What is expected
Your task is to retype, exactly and only, the lines from the one containing "本キャンペーンは、まなびID" to the final line of the entries, leaving out all pictures.

=== Section Start ===

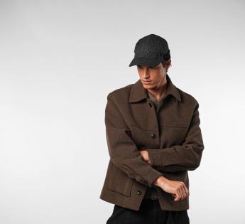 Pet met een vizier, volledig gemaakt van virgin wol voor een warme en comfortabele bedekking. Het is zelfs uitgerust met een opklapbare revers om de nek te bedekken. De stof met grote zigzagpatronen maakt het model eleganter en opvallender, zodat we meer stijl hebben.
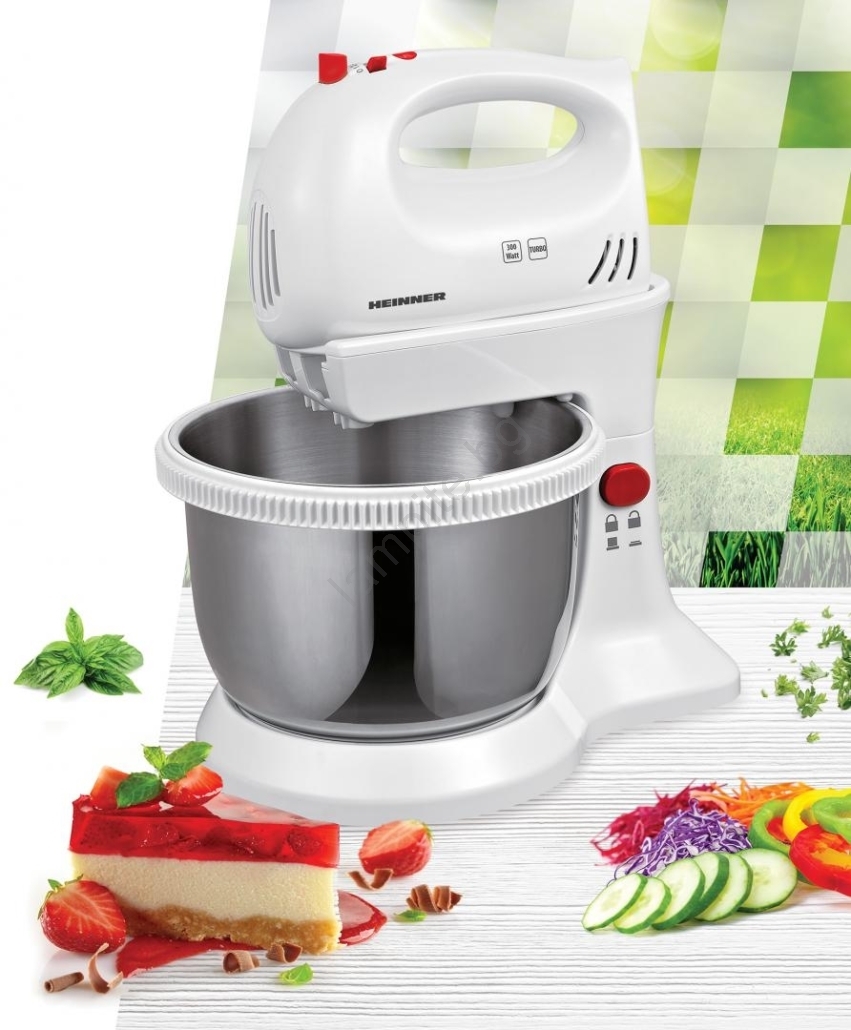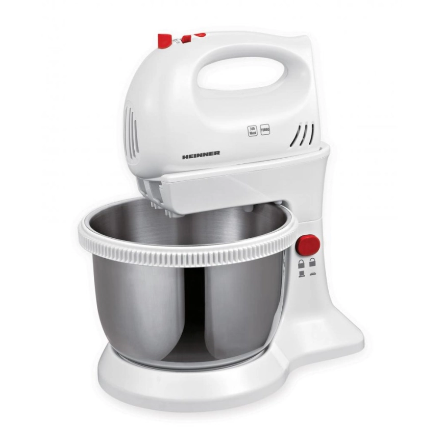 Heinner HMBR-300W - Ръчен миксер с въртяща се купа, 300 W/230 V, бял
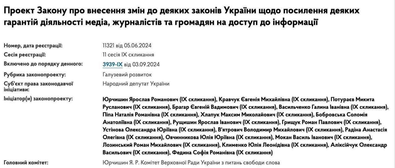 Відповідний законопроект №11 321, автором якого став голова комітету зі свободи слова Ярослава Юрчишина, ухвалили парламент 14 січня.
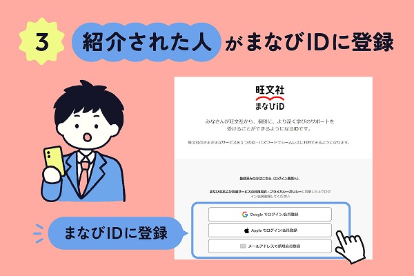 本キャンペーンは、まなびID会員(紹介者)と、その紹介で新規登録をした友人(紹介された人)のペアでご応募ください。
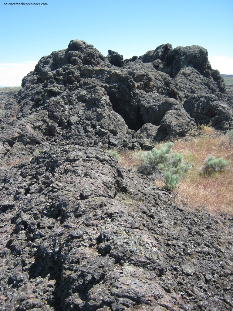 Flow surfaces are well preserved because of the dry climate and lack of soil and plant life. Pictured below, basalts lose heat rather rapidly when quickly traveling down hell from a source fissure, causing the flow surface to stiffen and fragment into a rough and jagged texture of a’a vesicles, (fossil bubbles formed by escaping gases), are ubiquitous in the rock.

=== Section End ===

Answer to this problem
 本キャンペーンは、まなびID会員(紹介者)と、その紹介で新規登録をした友人(紹介された人)のペアでご応募ください。
 Flow surfaces are well preserved because of the dry climate and lack of soil and plant life. Pictured below, basalts lose heat rather rapidly when quickly traveling down hell from a source fissure, causing the flow surface to stiffen and fragment into a rough and jagged texture of a’a vesicles, (fossil bubbles formed by escaping gases), are ubiquitous in the rock.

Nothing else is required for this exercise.